►

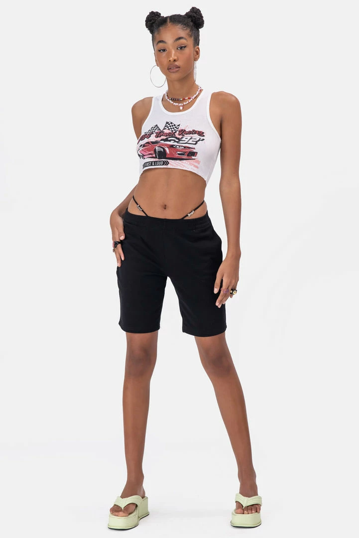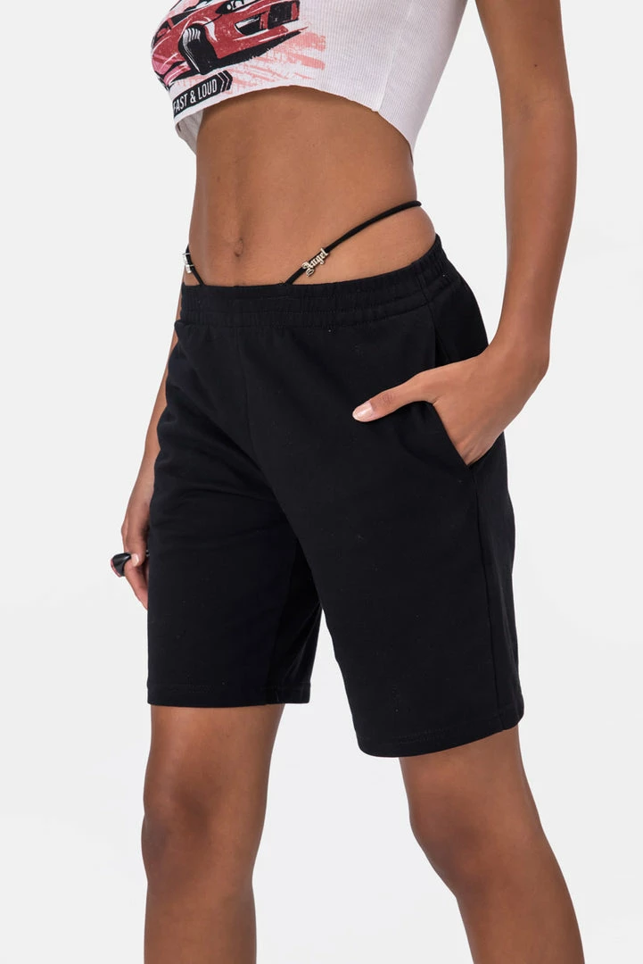- What an angel. Are you really, though? Biker shorts featuring a wide elastic waistband, front slit pockets and front-to-back waist strings with metallic typographic detail.
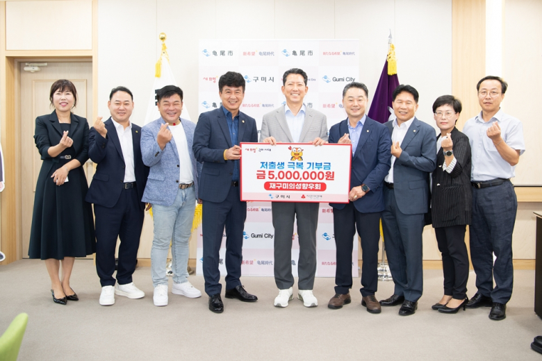 재구미의성향우회(회장 이상헌)는 9일 구미시에 저출생 극복을 위한 성금 500만 원을 전달했다. 이 성금은 경북도의 저출생 문제 해결과 출산 장려 사업에 쓰일 예정이다.
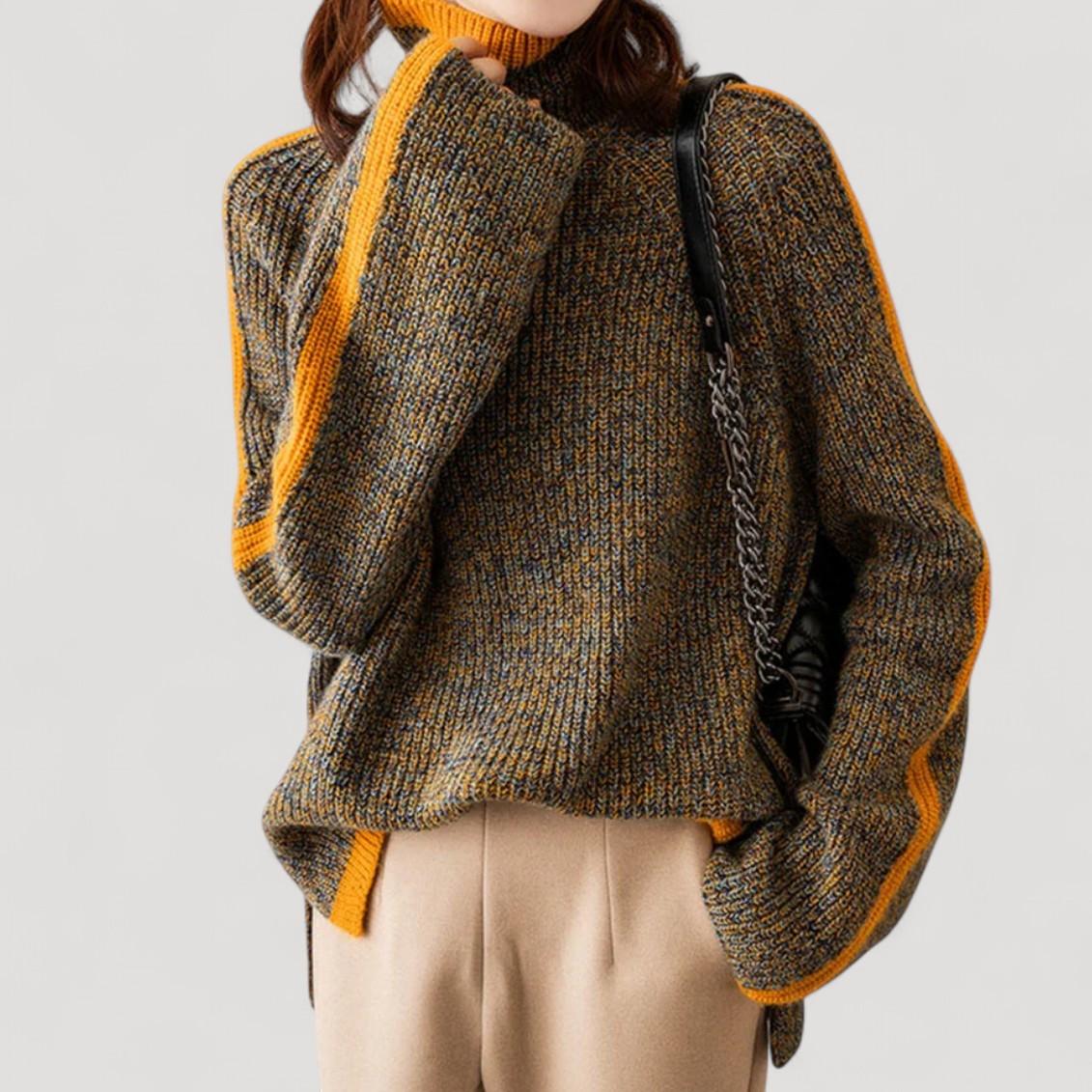 Hienostuneesti viimeistelty: Rohkeilla ja kirjavailla yksityiskohdilla varustettu Sonia-neule sopii vaivattomasti niin rentoihin kuin muodollisiin tilaisuuksiin, vahvistaen sen asemaa ajattomana vaatekappaleena.
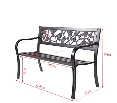 Westwood Panca da giardino a 3 posti listello in acciaio rosa stile parco patio mobili da giardino Sedia sedile in ghisa metallo C074 nero
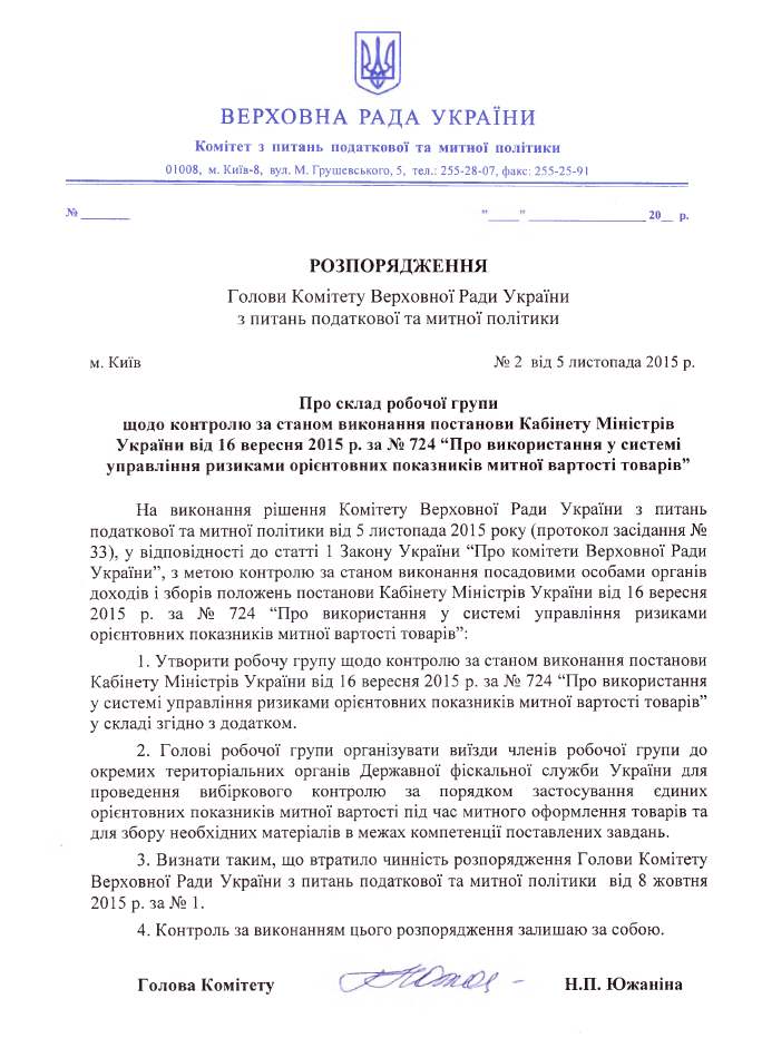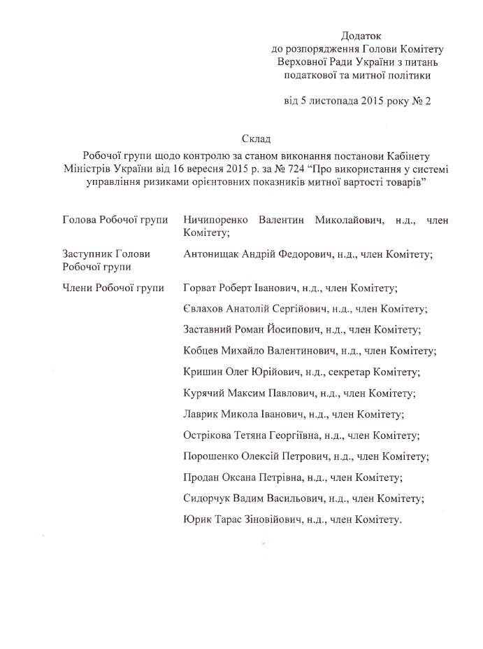 Розпорядження Голови Комітету ВРУ з питань податкової та митної політики “Про склад робочої групи щодо контролю за станом виконання постанови КМУ від 16.09.2015 р. №724 “Про використання у системі управління ризиками орієнтовних показників митної вартості товарів”

◄

# Your instructions:
Once the line containing "재구미의성향우회(회장 이상헌)는 9일" has been located, transcribe exactly and only every line from the first line of the entries through it, excluding pictures.

# Answer below:
- What an angel. Are you really, though? Biker shorts featuring a wide elastic waistband, front slit pockets and front-to-back waist strings with metallic typographic detail.
 재구미의성향우회(회장 이상헌)는 9일 구미시에 저출생 극복을 위한 성금 500만 원을 전달했다. 이 성금은 경북도의 저출생 문제 해결과 출산 장려 사업에 쓰일 예정이다.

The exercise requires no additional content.